I can assure you such a feature wouldn't be just eyecandy or a "would be nice"
feature. It would be a serious learning tool.

Most people use wikipedia as a reference tool, linked from google's results.
However, there are cases when you don't want to use it as a book, but a study
guide. For example, when someone is new to a field, they'll want to immerse
themselves in the subject and learn as much vocabulary about the subject as
possible. Even people who have been out of the subject for a while would
benefit from brushing up from time to time.

I personally use the Random Article feature every day. I have a link on my
bookmarks toolbar in chrome that I click to learn about random things to spread
my breadth of knowledge. However, most of the articles that I land on are
biographies of athletes, which is totally useless to me.

I've been a computer scientist for about 8 years now. And I can say with
certainty, that if I had a "Random Computer Science Article" button on toolbar,
I'd use it every day too. Just look at how huge the subject is:
http://en.wikipedia.org/wiki/Computer_science

I'm sure other people would like to immerse themselves in a subject, like
Biology, Finance or some other large field.

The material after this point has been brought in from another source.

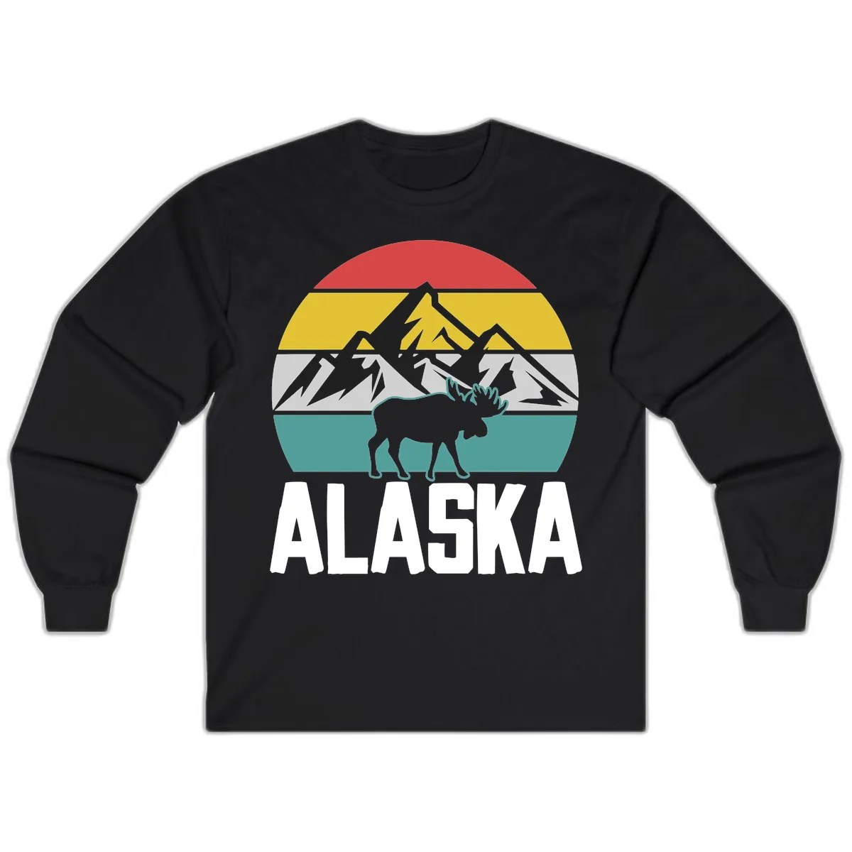 Stay comfortable and stylish on your Alaskan adventure with the Moose Mountain Alaska Badge Long Sleeve. This tee features a striking circular badge design, complete with a powerful moose silhouette set against horizontal bands of red, gold, gray, and teal, representing the Alaskan sky, forest, mountains, and water. It’s the perfect way to carry the spirit of the wild with you.

I think that was the reasoning for this request.

Hope that helps!

PS. Thanks for working on wikimedia and wikipedia. It's really appreciated by
so many people. Cheers!

sumanah wrote:

Victor, could you put this extension into https://www.mediawiki.org/wiki/Git/Conversion/Extensions_queue so it can be moved to Git, which is a prerequisite for deployment on Wikimedia Foundation sites? Thanks.

sumanah wrote:

Asher Feldman has agreed to do a database administration review of this extension.

sumanah wrote:

Some discussion in IRC just now (MediaWiki-General):

<sumanah> "Waiting for database administration review by Asher Feldman, waiting for author Victor Vasiliev to move extension to Git." bug https://bugzilla.wikimedia.org/show_bug.cgi?id=25931 in https://www.mediawiki.org/wiki/Review_queue#Extensions
<vvv> Well

<vvv> I think it would fail the first stage
<vvv> Because it uses an unindexed query IIRC

<RoanKattouw> It's also not really indexable
<RoanKattouw> Unless you add a cl_random field to categorylinks
<vvv> Yes, this is the problem we found back in 2007
<RoanKattouw> As written it'd have to fetch all categorylinks rows for a given category, join them against page, then do a range scan on page_random

<RoanKattouw> The range scan may or may not be indexed, I couldn't say offhand, but joining an entire category against the page table is a problem when you consider stuff like [[Category:Living people]]
<vvv> Well, it was not even me who split it as an extension
<RoanKattouw> (I'm assuming the query is something like SELECT stuff FROM categorylinks, page WHERE cl_to='Category_name' AND page_id=cl_from AND page_random > 0.123 ORDER BY page_random LIMIT 1; )
<vvv> I believe someone made it after the original version was reverted
<vvv> And cl_random would sound something you would want to have in core
<RoanKattouw> That would probably want to be in core yeah
<RoanKattouw> But adding cl_random is an expensive operation

<vvv> RoanKattouw: I remember nobody wanted to do it because switching masters were done manually back then
<RoanKattouw> Still, switching masters is not what people do for fun
<RoanKattouw> To me it just seems like a lot of effort for a minor feature

<RoanKattouw> OTOH on smaller wikis it might work, but when Sumana and I talked to Asher about this last night he said he didn't want to assume that small wikis will stay small forver
<RoanKattouw> It would be particularly ironic if we enabled it on some Indic language wiki because it's small, while 3 floors above me there's people whose job it is to try and get that wiki to grow

<binasher> vvv: RoanKattouw: if the query is like what roan mentioned above, -1. this sort of thing should be done with a search engine and is probably even doable with the one we have

(In reply to comment #21)

<binasher> vvv: RoanKattouw: if the query is like what roan mentioned above,
-1. this sort of thing should be done with a search engine and is probably
even doable with the one we have

What do you mean? Which search engines return random pages?

(In reply to comment #22)

(In reply to comment #21)

<binasher> vvv: RoanKattouw: if the query is like what roan mentioned above,
-1. this sort of thing should be done with a search engine and is probably
even doable with the one we have

What do you mean? Which search engines return random pages?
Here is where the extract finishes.